You can use any variety of garden tomatoes in your garden, just quarter them before roasting and you'll be good to go. You can buy 10 ounce containers of cherry tomatoes in the grocery store and those work great, too. I'm using a few red ones from the grocery store and a few of these little orange cutie-pies that my friend brought over.

You'll need to remove the corn from the corn cobs.

Toss the corn and tomatoes on a foil-lined baking sheet (the foil is simply for easy clean up; you can skip that step if you love scrubbing roasted vegetable gunk off of metal pans) and then we'll add a bunch of chopped garlic, a light sprinkling of kosher salt and fresh cracked black pepper, and a little drizzle of olive oil.

The oven then does magical things as the veggies roast and caramelize and release natural sugars. Your house will smell amazing.

While those are doing their thing in the oven, heat up a stock pot to medium high heat. Add a little olive oil and some diced onion.

I wanted the smoky sweetness of fire-roasted bell peppers, but I really didn't want to take the time to roast one myself, so I use a jar since it's something I almost always have in my pantry. An 8-ounce jar is equivalent to about 1 medium sized bell pepper.

Just give them a rough dice before you toss them in the pot.

The two seasonings that will give a ton of flavor to our roasted veggies are chipotle chili powder and smoked paprika. Both go beautifully with corn and tomatoes and are a perfect compliment to this flavor profile. Since we're making soup here, we definitely need some broth. Use chicken broth, unless you need to make this vegetarian and you can experiment with vegetable broth.

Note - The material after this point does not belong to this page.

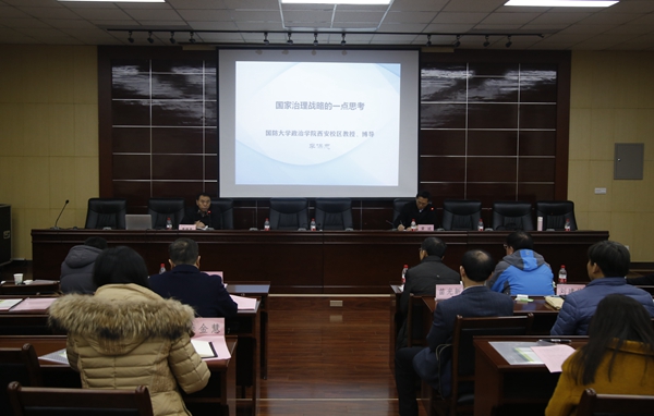 在学术研讨环节,国防大学政治学院西安校区李保忠教授、陕西工运学院薛丁齐教授、西北工业大学马克思主义学院郝保权教授、西安电子科技大学马克思主义学院贾钢涛教授、bat365中文官方网站马克思主义学院郭艳英副教授围绕“国家治理战略的一点思考”“从苏共兴亡的历史教训看‘旗帜鲜明讲政治’”“国家治理现代化进程中民主集中制优化”“准确识变 科学应变 主动求变”“深刻认识百年未有之大变局”等专题作了精彩的主旨报告。西安电子科技大学马克思主义学院刘建伟教授和西安电子科技大学研究生王颖作为获奖论文作者代表发言。

When given the choice of the two however, I'll always go with chicken broth since it has more flavor.

Take the corn and tomatoes out of the oven when your tomatoes look all wrinkled.

The corn will probably be turning a little golden brown, but it's okay if it's not. Scrape every last bit of that pan into your soup pot and bring it to a simmer.  Cover the pot and keep it at a low simmer for about 20 minutes. All of those flavors come together in a sweet, smoky combination.

You can use an immersion blender to puree the soup, but I actually prefer my blender for this one since the corn has so much texture. Remember when you put anything hot in your blender to remove that little stopper at the top. It's important that the steam has somewhere to go. The other important step is that you cover it with a folded paper towel before you press start!

Puree the soup until it's smooth. Even after blending for quite a while, it will still have a little texture from the corn, which I like.